When to the sessions of sweet silent thought
I summon up remembrance of things past,
I sigh the lack of many a thing I sought
And with old woes new wail my dear time’s waste.

Then can I drown an eye unused to flow
For precious friends hid in death’s dateless night,
And weep afresh love’s long since cancelled woe,
And moan the expense of many a vanished sight.

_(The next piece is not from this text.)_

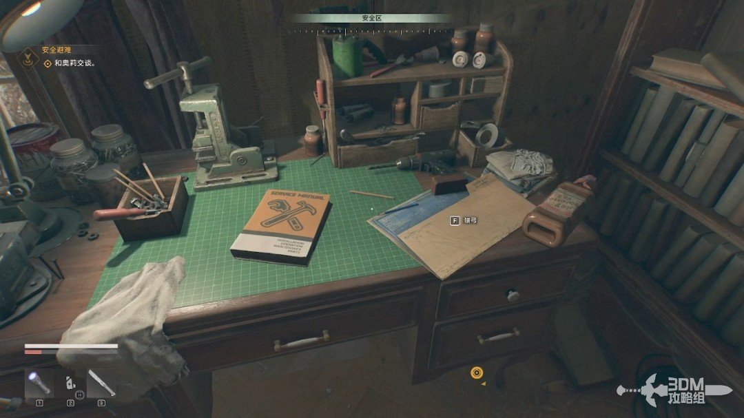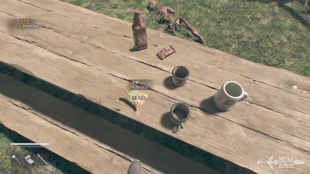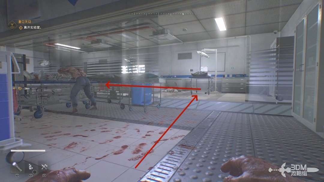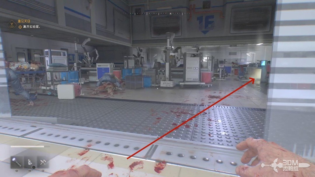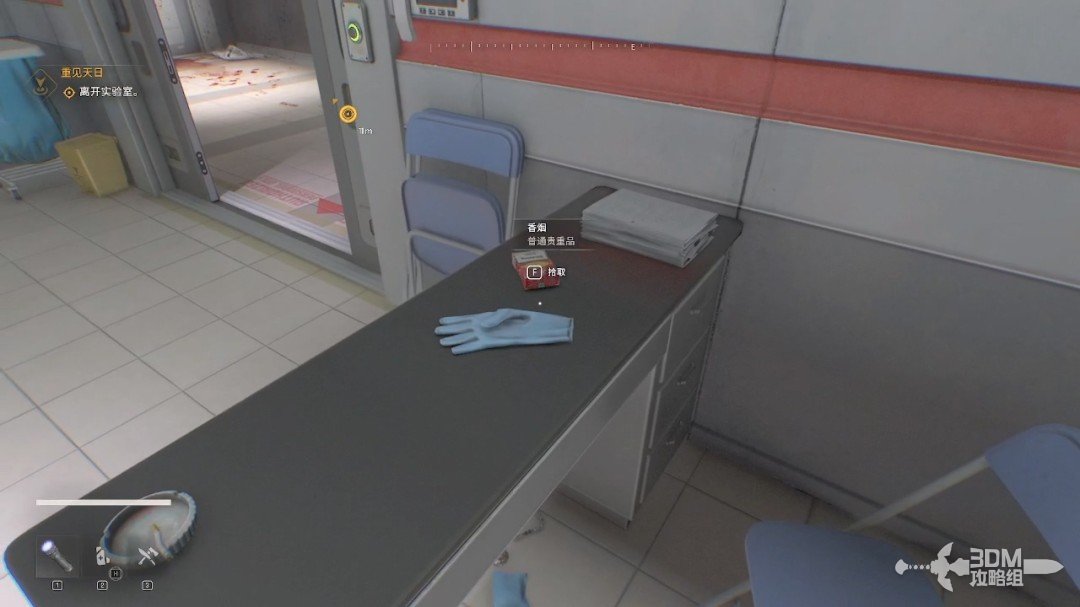 给自己扎一针后我们就可以行走了,旁边的桌子上能找到物资。
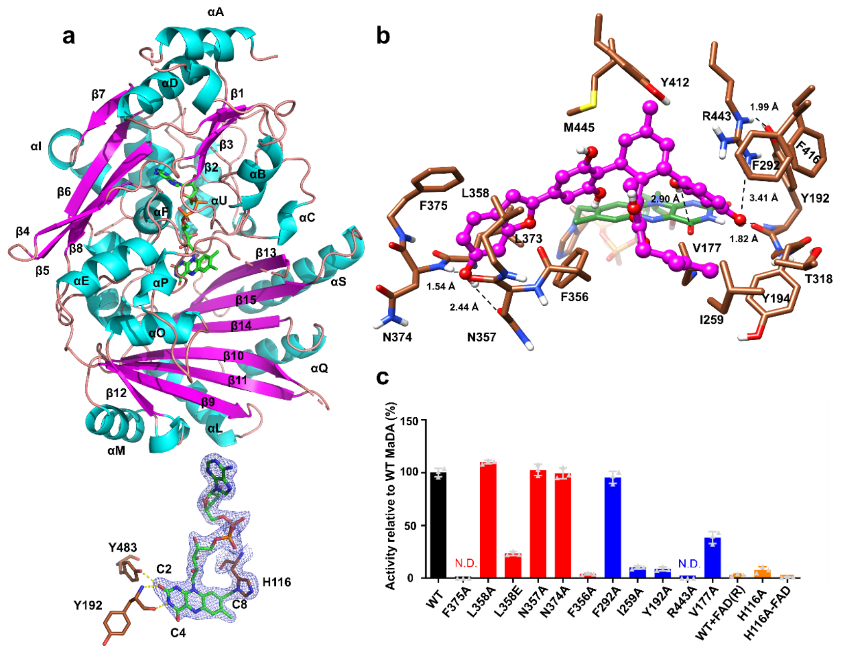 图2:基于MaDA晶体结构的分子对接以及点突变实验揭示了MaDA与底物形成相互作用的关键位点

Then can I grieve at grievances foregone,
And heavily from woe to woe tell o’er
The sad account of fore-bemoanëd moan,
Which I new pay as if not paid before:

But if the while I think on thee, dear friend,
All losses are restored and sorrows end.

Sonnet 53

What is your substance, whereof are you made,
That millions of strange shadows on you tend?
Since every one hath, every one, one shade,
And you, but one, can every shadow lend.

Describe Adonis, and the counterfeit
Is poorly imitated after you;
On Helen’s cheek all art of beauty set,
And you in Grecian tires are painted new;

Speak of the spring and foison of the year,
The one doth shadow of your beauty show,
The other as your bounty doth appear;
And you in every blessëd shape we know.

In all external grace you have some part,
But you like none, none you, for constant heart.

Sonnet 64

When I have seen by Time’s fell hand defaced
The rich proud cost of outworn buried age,
When sometime lofty towers I see down-razed,
And brass eternal slave to mortal rage;

When I have seen the hungry ocean gain
Advantage on the kingdom of the shore,
And the firm soil win of the watery main,
Increasing store with loss and loss with store;

When I have seen such interchange of state,
Or state itself confounded to decay,
Ruin hath taught me thus to ruminate
That Time will come and take my love away.

This thought is as a death, which cannot choose
But weep to have that which it fears to lose.

Sonnet 65

Since brass, nor stone, nor earth, nor boundless sea,
But sad mortality o’er-sways their power,
How with this rage shall beauty hold a plea,
Whose action is no stronger than a flower?

O how shall summer’s honey breath hold out
Against the wrackful siege of battering days,
When rocks impregnable are not so stout,
Nor gates of steel so strong, but Time decays?

O fearful meditation! Where, alack,
Shall Time’s best jewel from Time’s chest lie hid?
Or what strong hand can hold his swift foot back,
Or who his spoil of beauty can forbid?

O none, unless this miracle have might,
That in black ink my love may still shine bright.

Sonnet 104

To me, fair friend, you never can be old,
For as you were when first your eye I eyed,
Such seems your beauty still. Three winters cold
Have from the forests shook three summers’ pride,

Three beauteous springs to yellow autumn turned
In process of the seasons have I seen,
Three April perfumes in three hot Junes burned,
Since first I saw you fresh, which yet are green.

Ah, yet doth beauty, like a dial hand
Steal from his figure, and no pace perceived;
So your sweet hue, which methinks still doth stand,
Hath motion, and mine eye may be deceived:

For fear of which, hear this, thou age unbred;
Ere you were born was beauty’s summer dead.